Pravanjan Mullick

Personal information
- Full name: Pravanjan Madhabnanda Mullick
- Born: 12 September 1976 (age 49) Bhubaneswar, Odisha, India
- Batting: Right-handed
- Bowling: Right-arm medium
- Role: Batsman

Domestic team information
- 1996/97–2010/11: Odisha

Career statistics
| Competition | FC | LA |
| Matches | 88 | 56 |
| Runs scored | 5818 | 1156 |
| Batting average | 47.30 | 28.19 |
| 100s/50s | 18/27 | 0/7 |
| Top score | 207* | 99 |
| Balls bowled | 2,975 | 840 |
| Wickets | 30 | 22 |
| Bowling average | 43.43 | 39.62 |
| 5 wickets in innings | 0 | 0 |
| 10 wickets in match | 0 | 0 |
| Best bowling | 3/45 | 2/24 |
| Catches/stumpings | 64/- | 25/- |
- Source: Cricinfo, 16 November 2024

= Pravanjan Mullick =

Indian cricketer

Pravanjan Madhabnanda Mullick (born 12 September 1976 in Bhubaneswar), is an Indian first class cricketer for Odisha.

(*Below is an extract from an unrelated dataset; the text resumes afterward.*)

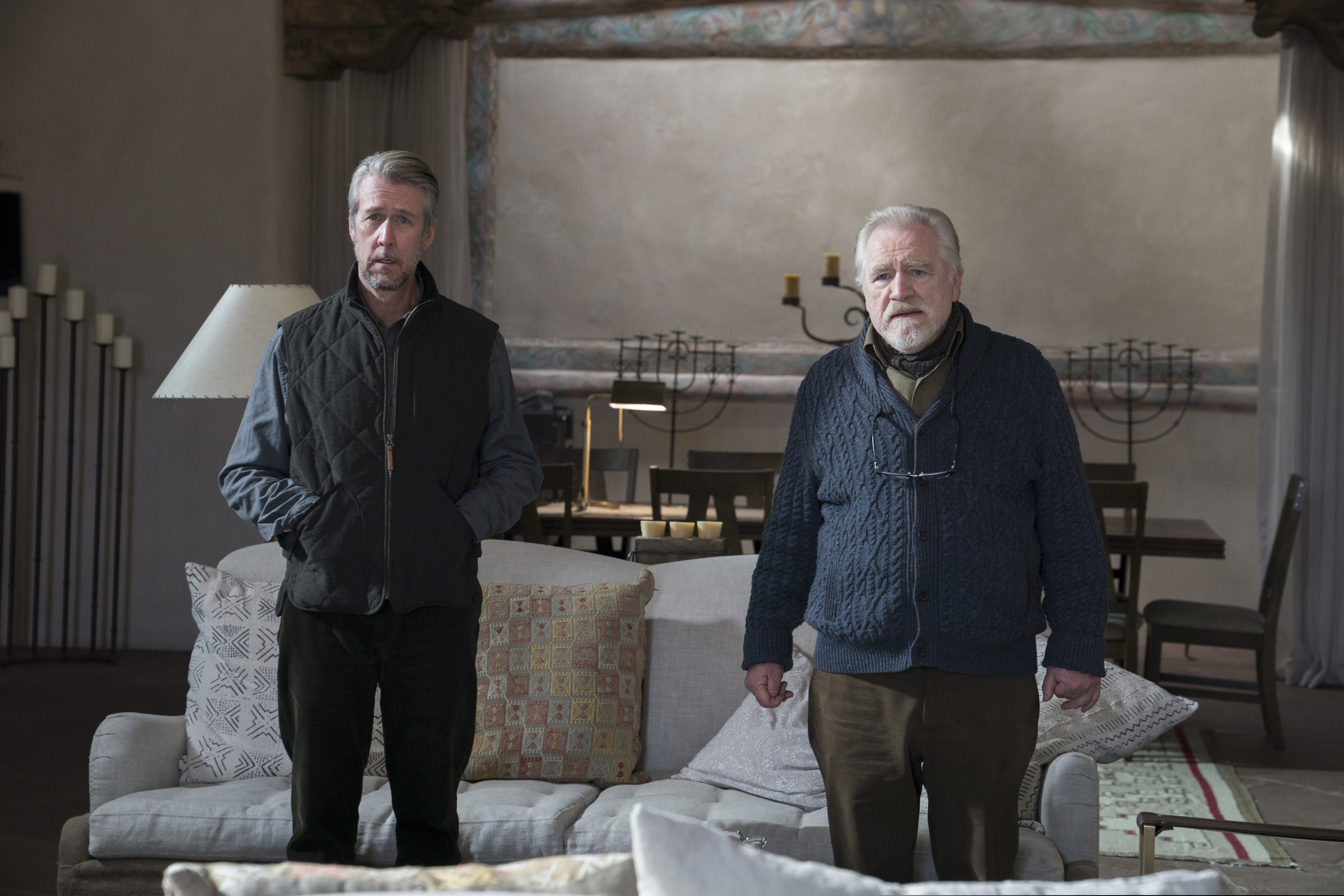 This image released by HBO shows Alan Ruck, left, and Brian Cox in a scene from "Succession." The program was named one of the top 10 TV shows of 2018 by the Associated Press. (Ursula Coyote/HBO via AP)

A right-handed batsman, he captained the state side, and has made over 5,000 runs at an average of above 50. He has twice scored a hundred in each innings of a match, the only Odisha player to have done so.

Mullick was a professional for the Northern Irish club Fox Lodge and also played in the Scottish league. He retired from first-class cricket a few seasons back, but still plays for the Katak Tigers in the Odisha Premier League.